Most of the opportunity in the drone market lies in heavy commercial and military drones, the kind that can drop packages and bombs, rather than in the lightweight, consumer, camera-focused drones that GoPro makes.
But, that does bring up a promising path forward, should GoPro choose to take it. I don’t buy stocks based on an assumption that management will change course, but if GPRO did shift its focus, stockholders would benefit.
Hope in a Sale
GoPro should put itself up for sale.
There are going to be big markets in selling sensor drones to the industry, long-range drones to law enforcement and public safety agencies, and military drones. The problem is that GoPro, as currently structured, is in no position to pursue those markets.
But, Lockheed Martin Corporation (NYSE:LMT) is structured that way. So is Northrup Grumman Corporation (NYSE:NOC). And Boeing Co (NYSE:BA). If you were to combine GoPro’s present areas of expertise with better avionics — and the capital required to fit higher-end sensor and multi-bandwidth camera arrays on its drones — there could be a bright future for this American player in the heavy-duty commercial and military drone arena.

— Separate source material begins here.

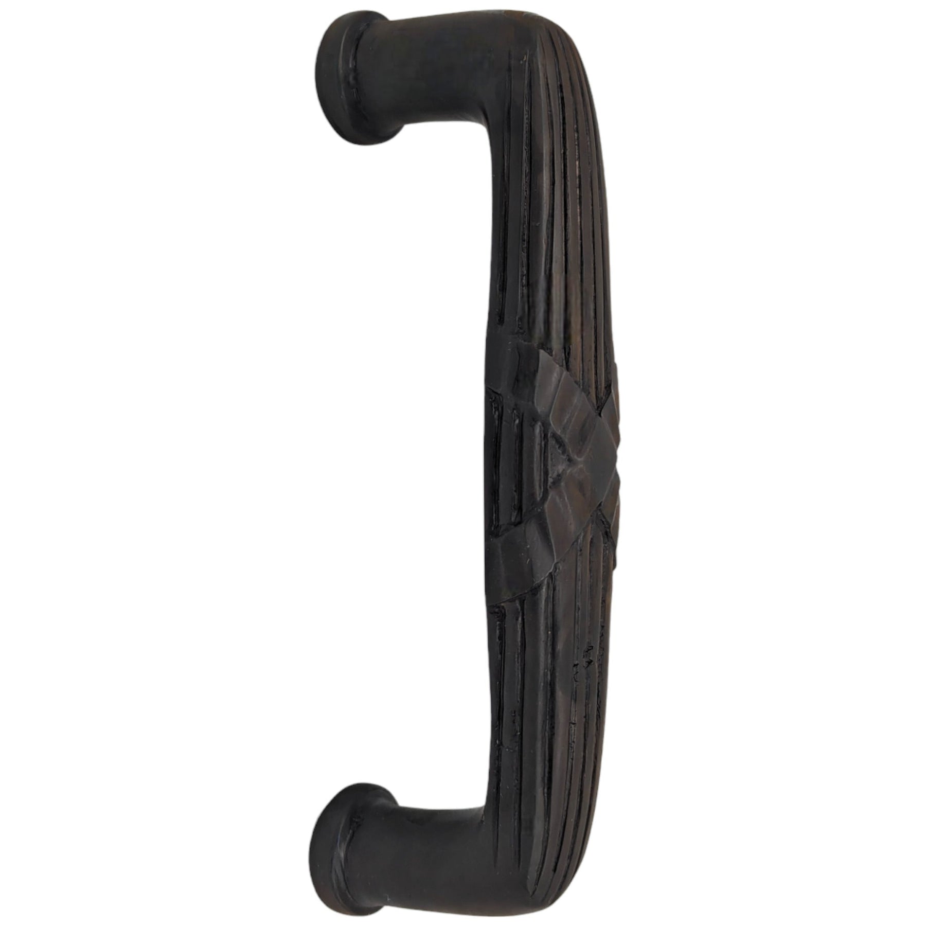 This pull measures approximately 7 inches long with a center to center measurement of 6 inches. The pull is crafted from solid brass, this detailed hardware piece comes complete with bolts, ensuring easy installation with all the necessary mounting hardware included. It is advisable to install a push plate on the other side of the door to conceal the bolts.

If GoPro’s future is as a drone manufacturer, the company should go where that market is going, which is public safety and military applications. Right now, GPRO is mainly an OEM for Ambarella Inc (NASDAQ:AMBA), the semiconductor company from which it gets its camera chips, yet AMBA has problems of its own, with shares having fallen about 20% since the last week of May.
This is the dark side of Moore’s Law. Niches don’t last, and the capital costs of pursuing new ones are often greater than a niche company can generate. To win as a technology investor, you need to know when to fold and walk away.
Dana Blankenhorn is a financial and technology journalist. He is the author of the historical mystery romance The Reluctant Detective Travels in Time available now at the Amazon Kindle store. Write him at firstname.lastname@example.org or follow him on Twitter at @danablankenhorn. As of this writing he owned no shares in companies mentioned in this article.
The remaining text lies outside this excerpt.